YOUR OBJECTIVE:
Leave every picture out, and give again exactly the lines from the one containing "These botanical fruits" through the end of the listing.

DATA:
_ _ _ _ _

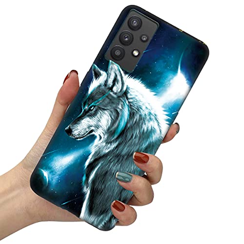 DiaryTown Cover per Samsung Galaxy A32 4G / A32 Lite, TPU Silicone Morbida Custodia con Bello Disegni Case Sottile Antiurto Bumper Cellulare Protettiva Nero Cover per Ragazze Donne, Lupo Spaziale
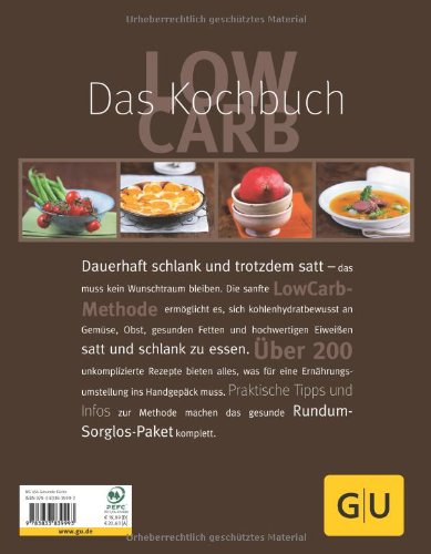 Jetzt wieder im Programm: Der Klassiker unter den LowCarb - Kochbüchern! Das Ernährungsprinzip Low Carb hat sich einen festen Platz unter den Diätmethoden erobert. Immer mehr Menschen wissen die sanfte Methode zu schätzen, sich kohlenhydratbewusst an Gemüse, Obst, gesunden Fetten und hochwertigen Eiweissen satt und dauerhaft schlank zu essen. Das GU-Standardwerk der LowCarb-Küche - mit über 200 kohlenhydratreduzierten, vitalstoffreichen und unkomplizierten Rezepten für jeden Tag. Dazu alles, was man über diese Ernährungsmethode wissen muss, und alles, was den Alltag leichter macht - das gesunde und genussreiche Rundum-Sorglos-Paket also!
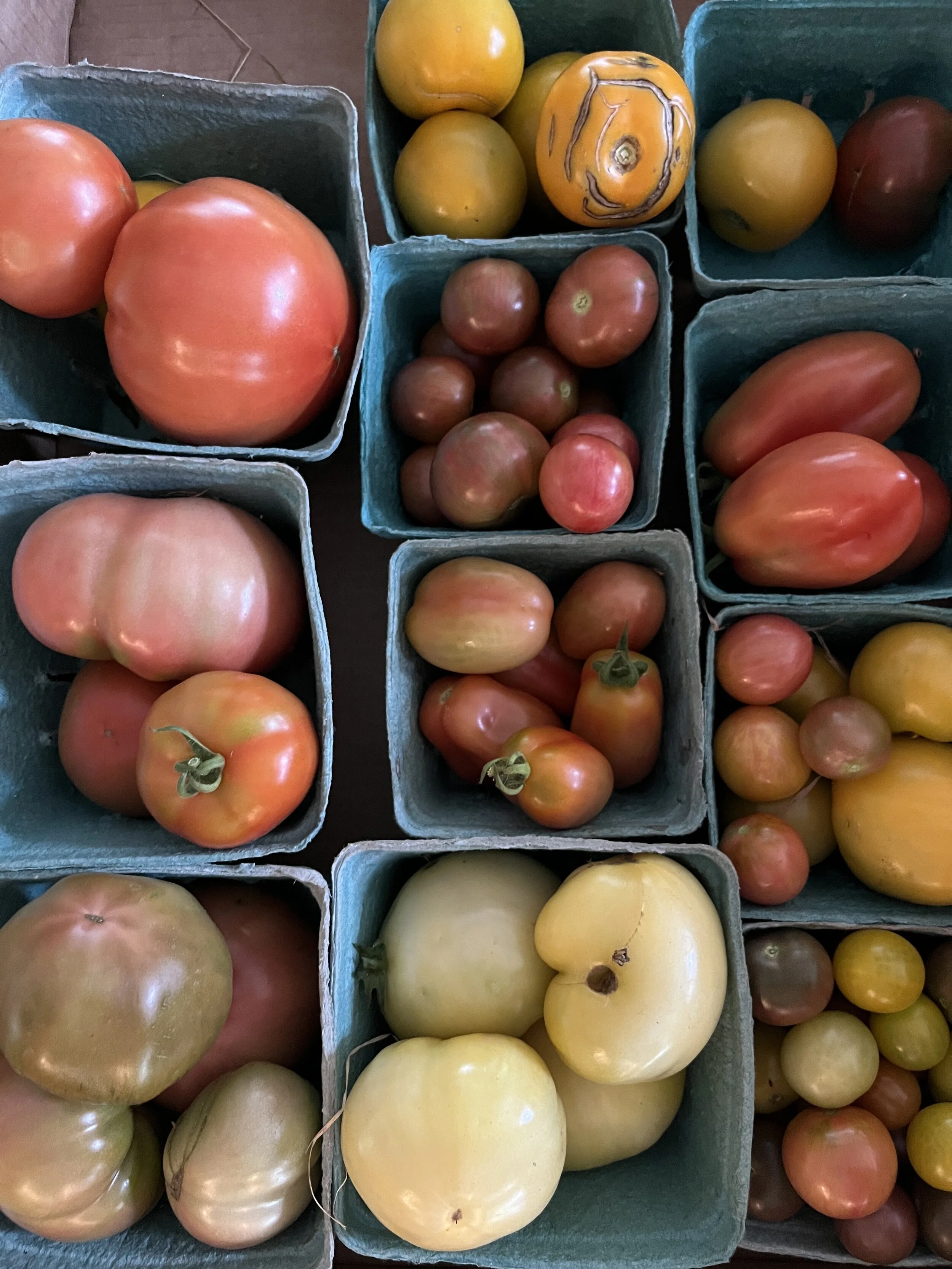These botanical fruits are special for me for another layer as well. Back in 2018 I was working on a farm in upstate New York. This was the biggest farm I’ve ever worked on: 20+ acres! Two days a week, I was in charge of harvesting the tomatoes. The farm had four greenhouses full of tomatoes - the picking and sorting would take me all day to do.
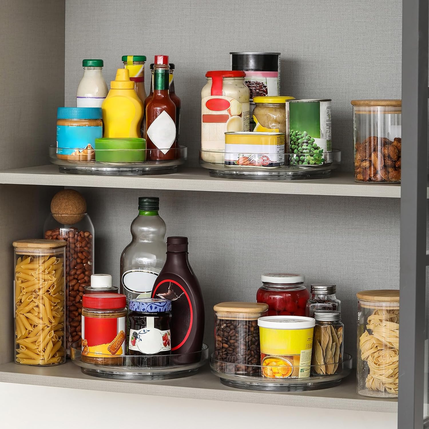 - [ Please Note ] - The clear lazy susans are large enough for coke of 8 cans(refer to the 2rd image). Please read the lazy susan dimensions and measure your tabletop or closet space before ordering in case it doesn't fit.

_ _ _ _ _

SOLUTION FOR THIS EXERCISE:
These botanical fruits are special for me for another layer as well. Back in 2018 I was working on a farm in upstate New York. This was the biggest farm I’ve ever worked on: 20+ acres! Two days a week, I was in charge of harvesting the tomatoes. The farm had four greenhouses full of tomatoes - the picking and sorting would take me all day to do.
 - [ Please Note ] - The clear lazy susans are large enough for coke of 8 cans(refer to the 2rd image). Please read the lazy susan dimensions and measure your tabletop or closet space before ordering in case it doesn't fit.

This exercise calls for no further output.